Proof of Theorem exmid01

Dummy variables 𝑦 𝑧 are mutually distinct and distinct from all other variables.

Step	Hyp	Ref	Expression
1		df-exmid 4114	. 2 ⊢ (EXMID ↔ ∀𝑥(𝑥 ⊆ {∅} → DECID ∅ ∈ 𝑥))
2		df-dc 820	. . . . 5 ⊢ (DECID ∅ ∈ 𝑥 ↔ (∅ ∈ 𝑥 ∨ ¬ ∅ ∈ 𝑥))
3		orcom 717	. . . . . 6 ⊢ ((∅ ∈ 𝑥 ∨ ¬ ∅ ∈ 𝑥) ↔ (¬ ∅ ∈ 𝑥 ∨ ∅ ∈ 𝑥))
4		simpll 518	. . . . . . . . . . . . . 14 ⊢ (((𝑥 ⊆ {∅} ∧ ¬ ∅ ∈ 𝑥) ∧ 𝑦 ∈ 𝑥) → 𝑥 ⊆ {∅})
5		simpr 109	. . . . . . . . . . . . . 14 ⊢ (((𝑥 ⊆ {∅} ∧ ¬ ∅ ∈ 𝑥) ∧ 𝑦 ∈ 𝑥) → 𝑦 ∈ 𝑥)

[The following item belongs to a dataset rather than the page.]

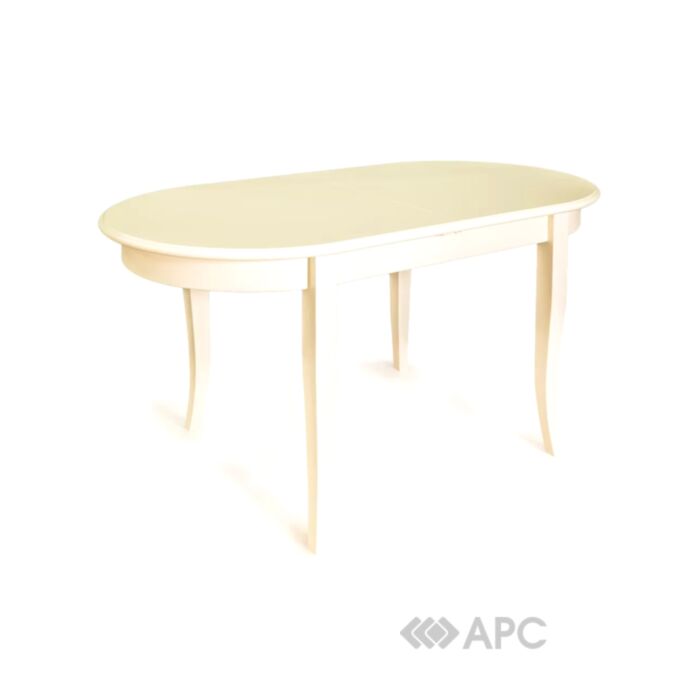 Стільниця виготовлена з високоякісного МДФ з пластиковим покриттям у молочному кольорі. Основа виготовлена з масиву дерева вільхи. Такий стіл абсолютно безпечний, незвичайно міцний і довговічний, а поверхня приємна на дотик, практична і функціональна.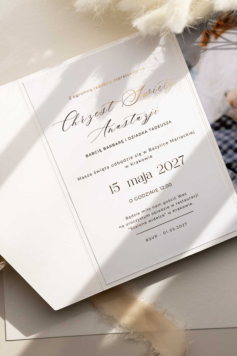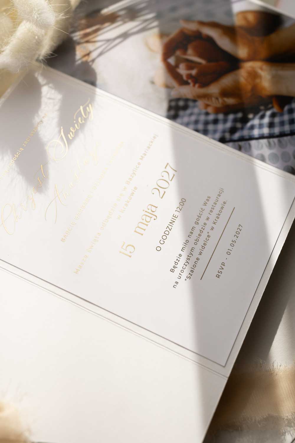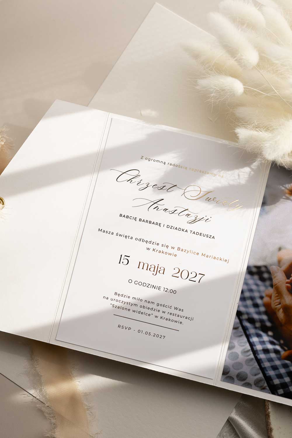 ZAPROSZENIE NA CHRZEST ZE ZDJĘCEM I ZŁOCENIEM

6	4, 5	sseldd 3093	. . . . . . . . . . . . 13 ⊢ (((𝑥 ⊆ {∅} ∧ ¬ ∅ ∈ 𝑥) ∧ 𝑦 ∈ 𝑥) → 𝑦 ∈ {∅})
7		velsn 3539	. . . . . . . . . . . . 13 ⊢ (𝑦 ∈ {∅} ↔ 𝑦 = ∅)

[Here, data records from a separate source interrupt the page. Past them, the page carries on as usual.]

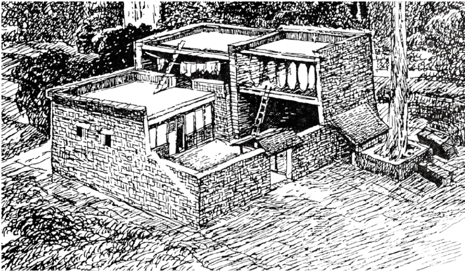 岷江上游的古羌建筑除火塘、中心柱古制外,只传承了西北帐幕古制中的一部分。因为古羌人在西北时除了游牧还从事农业生产,亦同时住窑洞。有考古学家、历史学家认为在天水一带,亦有干栏民居。所以张良皋教授认为:“今天西藏民居式样,显然是帐幕加以‘干栏化’,不过材料已是木石兼用。”若我们回到羌族住宅的底层和二层来看,真正“依山居止”者,底层和二层的后立面是无人砌墙体的,而是利用原生岩体作为墙,有的还挖有洞穴作为贮藏室、隐蔽室。正因如此,我们可以说羌宅石墙泥墙是由洞穴延伸出来的。众所周知,穴居自然会演变成窑洞,并向垝垣、版筑、土坯、石砌等发展。于是上面的羌族民居中出现了帐幕、干栏、窑洞三者兼具的古代建筑遗迹的混合体,亦即张良皋教授所言的中国建筑“三原色”。正是“三原色”经历史的碰撞、交融,才调配出“五彩斑斓的颜色”,才形成中国传统建筑体系。从现在的资料看,全国各族建筑中尚没有发现如此类型集中、成片的大规模古建筑体系。所以,我们谓羌族建筑为中华建筑的化石。从一定程度上讲,羌族建筑不仅是西南地区大部分少数民族建筑之源,也是中华建筑目前保存完好的源头遗迹。尤其是羌族民居中有一类带天井的民居,像曲谷寨、王泰昌官寨,布瓦、克枯等寨民居,原来很多学者都认为是受到汉族四合院的文化影响所致。鄙以为,既然羌民居有窑洞发展遗迹,则必然有下沉式窑洞的遗存,而四合院正是由下沉式窑洞发展而来。那么,古羌人把这一形式带来岷江上游之地亦顺之成理。亦可言羌民居带天井一类之型,亦如下沉式窑洞到四合院的过渡之型。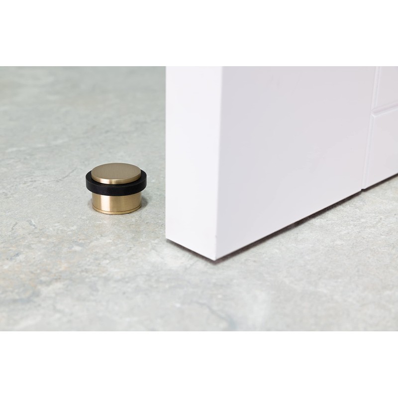 EVI | Adhesive Doorstop | Threaded Base | 0.8'' X 1.1'' | Natural Silicone | Brass Finished | Simple Fixation | 100% Functional | Mod. I-103/28 (Brass Mate - Black Rubber)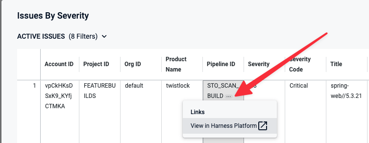 To view details for an issue from the search results, click the pipeline name or ID and choose View in Harness Platform.
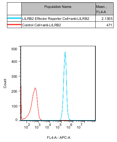 LILRB2 Effector Reporter Cell 報告基因藥靶模型很好的模擬了體內(nèi) LILRB2 的信號轉(zhuǎn) 導(dǎo)過程,原理見下圖所示。![]() ![]() Figure 1. LILRB2 Effector Reporter Cell 模型原理圖 |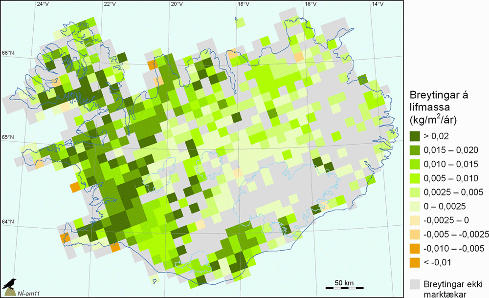 Út frá gögnunum var unnið kort af landinu sem sýnir reiknaða breytingu á lífmassa gróðurs. Þessir útreikningar byggjast á rannsóknum sem Martha K. Raynolds o.fl. hafa gert á uppskeru gróðurs á norðurslóðum og samsvörun hans við gróðurstuðulinn (NDVI). Kortið sýnir að gróðurbreytingar eru mjög ólíkar eftir landshlutum. Mestar breytingar hafa orðið á vesturhluta landsins, vestan línu sem dregin er frá austanverðum Skaga til suðvesturs um Þingvelli til Ölfuss. Minnstar breytingar hafa hinsvegar orðið á Norðausturlandi og Austurlandi. Þegar einstök svæði eru skoðuð mælist mikil aukning á sunnanverðum Vestfjörðum, talsverð á Skaga og á Húnvetnsku heiðunum. Þá hefur gróður aukist víða á Snæfellsnesi og í Dölum. Einnig ofarlega í Borgarfirði og á hálendinu vestan og suðvestan Langjökuls, t.d. á Arnarvatnsheiði og á landi vestan Þórisjökuls. Á Suðvesturlandi hefur gróður aukist mest á heiðunum suðvestur af Þingvallavatni og á norðanverðum Reykjanesskaga. Annars staðar á landinu eru allnokkur svæði bæði á hálendi og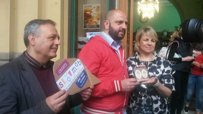 La campagna Slotmob è nata a Luglio 2013, promossa da vari esponenti della Società Civile, per combattere il problema del gioco d’azzardo legalizzato che sta dilagando in Italia. In oltre 40 piazze d’Italia, oggi, e anche in Abruzzo, per lanciare il Manifesto di democrazia economica e mandare una lettera al presidente Mattarella come garante della Costituzione per dire Stop alla dipendenza dello Stato dall’azzardo “incentivato per legge, per ridiscutere l’affidamento del settore azzardo alle aziende che fanno profitto su una piaga sociale”. Il Movimento Slot Mob, con oltre 120 eventi di strada cresciuti spontaneamente in tutta Italia con migliaia di persone coinvolte negli ultimi due anni, promuove la ricerca di una democrazia economica e di giustizia sociale che si esercita “votando con il portafoglio” e cioè premiando pubblicamente i titolari dei bar che non accettano di vendere i prodotti dell’azzardo (Slot, Gratta e Vinci, lotterie istantanee, ecc…).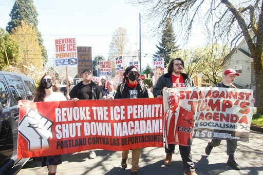Portland, OR – On April 4, angry protesters marched to Portland Mayor Keith Wilson’s house, demanding he revoke the conditional land use permit for the ICE detention facility. The protest, organized by Portland Contra las Deportaciones (PDXCD), began at Wilshire Park and drew a crowd of over 50 in front of the mayor’s home.

8	6, 7	sylib 121	. . . . . . . . . . . 12 ⊢ (((𝑥 ⊆ {∅} ∧ ¬ ∅ ∈ 𝑥) ∧ 𝑦 ∈ 𝑥) → 𝑦 = ∅)
9	8, 5	eqeltrrd 2215	. . . . . . . . . . 11 ⊢ (((𝑥 ⊆ {∅} ∧ ¬ ∅ ∈ 𝑥) ∧ 𝑦 ∈ 𝑥) → ∅ ∈ 𝑥)
10		simplr 519	. . . . . . . . . . 11 ⊢ (((𝑥 ⊆ {∅} ∧ ¬ ∅ ∈ 𝑥) ∧ 𝑦 ∈ 𝑥) → ¬ ∅ ∈ 𝑥)
11	9, 10	pm2.65da 650	. . . . . . . . . 10 ⊢ ((𝑥 ⊆ {∅} ∧ ¬ ∅ ∈ 𝑥) → ¬ 𝑦 ∈ 𝑥)
12	11	eq0rdv 3402	. . . . . . . . 9 ⊢ ((𝑥 ⊆ {∅} ∧ ¬ ∅ ∈ 𝑥) → 𝑥 = ∅)
13	12	ex 114	. . . . . . . 8 ⊢ (𝑥 ⊆ {∅} → (¬ ∅ ∈ 𝑥 → 𝑥 = ∅))
14		noel 3362	. . . . . . . . 9 ⊢ ¬ ∅ ∈ ∅
15		eleq2 2201	. . . . . . . . 9 ⊢ (𝑥 = ∅ → (∅ ∈ 𝑥 ↔ ∅ ∈ ∅))
16	14, 15	mtbiri 664	. . . . . . . 8 ⊢ (𝑥 = ∅ → ¬ ∅ ∈ 𝑥)
17	13, 16	impbid1 141	. . . . . . 7 ⊢ (𝑥 ⊆ {∅} → (¬ ∅ ∈ 𝑥 ↔ 𝑥 = ∅))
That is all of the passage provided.